You are viewing a plain text version of this content. The canonical link for it is here.
Posted to issues-all@impala.apache.org by "ASF subversion and git services (Jira)" <ji...@apache.org> on 2021/08/25 15:38:00 UTC

[jira] [Commented] (IMPALA-10849) A LIKE predicate that ends in an escaped wildcard is incorrectly evaluated

    [ https://issues.apache.org/jira/browse/IMPALA-10849?page=com.atlassian.jira.plugin.system.issuetabpanels:comment-tabpanel&focusedCommentId=17404558#comment-17404558 ] 

ASF subversion and git services commented on IMPALA-10849:
----------------------------------------------------------

Commit b54d0c35ffd354ee1ac9bc781a8ff36a64125676 in impala's branch refs/heads/master from Andrew Sherman
[ https://gitbox.apache.org/repos/asf?p=impala.git;h=b54d0c3 ]

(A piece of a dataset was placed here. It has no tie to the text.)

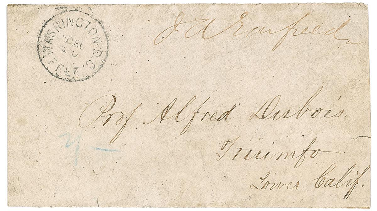 Free-franked envelope, 5 x 2.75, addressed in another hand to Professor Alfred Dubois, franked in the upper right, “J. A. Garfield.” In very good condition, with trimmed right edge, scattered toning and soiling, and Garfield’s signature a shade or two light, but completely legible. Pre-certified John Reznikoff/PSA/DNA and RRAuction COA.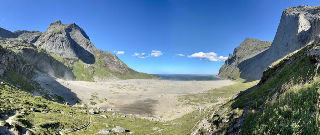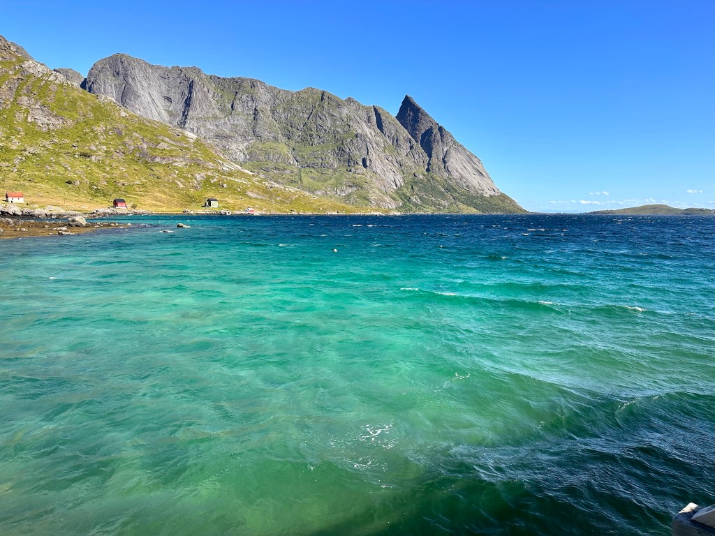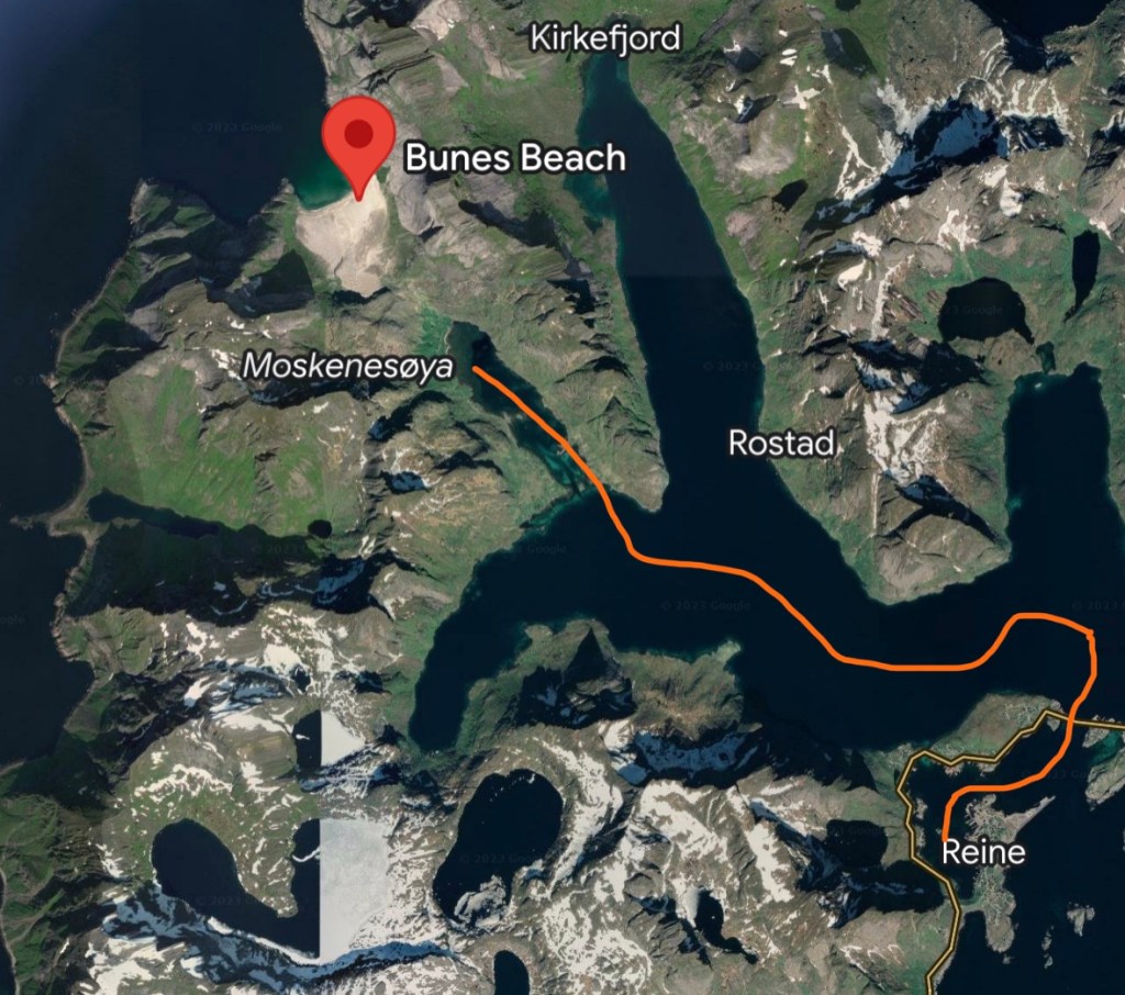 Il programma di oggi è di prendere la barca che, dal molo proprio qui di fronte, ci porterà a Vinstad: minuscolo insediamento di una dozzina di casette colorate. Perché da lì parte il sentiero che conduce a Bunes Beach.

IMPALA-10849: Ignore escaped wildcards that terminate like predicates.

A like predicate is generally evaluated by converting it into a regex
that is evaluated at execution time. If the predicate of a like clause
is a constant (which is the common case when you say "row
like 'start%'") then there are optimizations where some cases that are
simpler then a regex are spotted, and a simple function than a regex
evaluator is used. One example is that a predicate such as ‘start%’ is
evaluated by looking for strings that begin with "start". Amusingly the
code that spots the potential optimizations uses regexes to look for
patterns in the like predicate. The code that looks for the
optimization where a simple prefix can be searched for does not deal
with the case where the '%' wildcard at the end of the predicate is
escaped. To fix this we add a test that deals with the case where the
predicate ends in an escaped '%'.

There are some other problems with escaped wildcards discussed in
IMPALA-2422. This change does not fix these problems, which are hard.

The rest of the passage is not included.